Odd-One-Out: Anomaly Detection by Comparing with Neighbors
๐ Abstract
This paper introduces a novel anomaly detection (AD) problem that focuses on identifying 'odd-looking' objects relative to the other instances within a scene. The proposed setting involves multi-object multi-view scenes, where anomalies are defined by the regular instances that make up the majority. To provide a testbed for future research, the authors introduce two benchmarks, ToysAD-8K and PartsAD-15K. They propose a novel method that generates 3D object-centric representations for each instance and detects the anomalous ones through a cross-examination between the instances.
๐ Q&A
[01] Introduction
1. What is the key difference between the proposed AD problem and traditional AD benchmarks? The key difference is that in the proposed setting, anomalies are scene-specific, defined by the regular instances that make up the majority, rather than being based on high-level variations or low-level shape/texture variations as in traditional AD benchmarks.
2. What are the challenges that the proposed problem presents? The proposed problem presents several challenges, including:
- 3D understanding of the scene and registering the views from multiple camera viewpoints without groundtruth 3D knowledge while identifying potential occlusions
- Aligning and comparing object instances with each other without their relative pose information in both training and evaluation
- Learning representations that generalize to unseen object instances during testing
3. How does the proposed method address these challenges? The proposed method addresses these challenges by:
- Taking multiple views of the same scene as input, projecting them into a 3D voxel grid, and producing a 3D object-centric representation for each instance
- Predicting the labels of instances by cross-correlating them through an efficient attention mechanism
- Leveraging recent advances in differentiable rendering and self-supervised learning to supervise the 3D representation learning
[02] Method
1. What are the main components of the proposed architecture? The proposed architecture has three main components:
- 3D feature fusion module: Encodes each view image and projects it to 3D, forming a fused 3D feature volume.
- Feature distillation block: Enhances the 3D feature volume through differentiable rendering and distillation of features from a 2D self-supervised model (DINOv2).
- Cross-instance matching module: Leverages the established correspondences to compare all similar object regions in the scene using a sparse voxel attention mechanism.
2. How does the feature distillation block improve the 3D representation? The feature distillation block improves the 3D representation in two ways:
- It incorporates open-world knowledge from the pre-trained DINOv2 model, enabling the model to perform better on unseen object instances or novel categories.
- It enforces consistent 3D scene representation, leading to identical features for the same object geometries and enabling the model to infer robust local correspondences.
3. How does the cross-instance matching module work?
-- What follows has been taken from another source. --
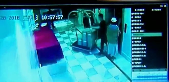 从监控中,众人得知,五粮液酒是大爷婚礼前送到酒店的。

The cross-instance matching module computes sparse voxel attention only among geometrically corresponding voxel locations, unlike the vanilla self-attention that uses all tokens. This helps eliminate noisy interactions with irrelevant features and improves the performance of fine-grained object matching.
[03] Experiments
1. What are the key characteristics of the proposed ToysAD-8K and PartsAD-15K datasets? ToysAD-8K includes real-world objects from multiple categories, allowing the evaluation of the model's ability to generalize to unseen object categories. PartsAD-15K comprises a diverse collection of mechanical object parts with arbitrary shapes, being free from any class-level inductive biases.
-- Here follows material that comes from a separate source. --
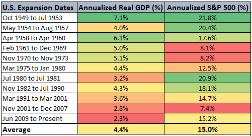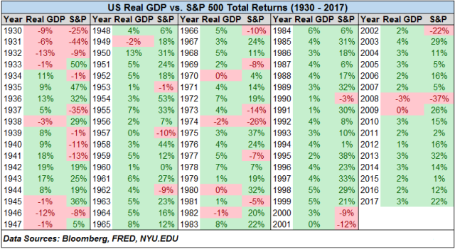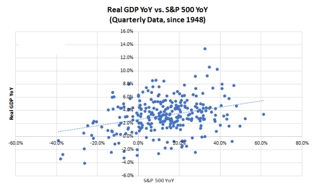 从1930年开始,标普500大盘的回报和真实GDP增长的相关程度为0.26:

2. How does the proposed method perform compared to the baselines? The proposed method significantly outperforms the baselines, including a reconstruction-based approach and two multi-view 3D object detection methods (ImVoxelNet and DETR3D). This highlights the effectiveness of the dedicated architecture for matching corresponding regions across objects.
3. What are the key findings from the ablation and robustness studies? The ablation studies show the importance of the DINOv2 feature distillation and the sparse voxel attention mechanism for the performance of the proposed method. The robustness studies demonstrate that the model can perform reasonably well with as few as 3-5 input views and is adaptable to varying object counts in the scene.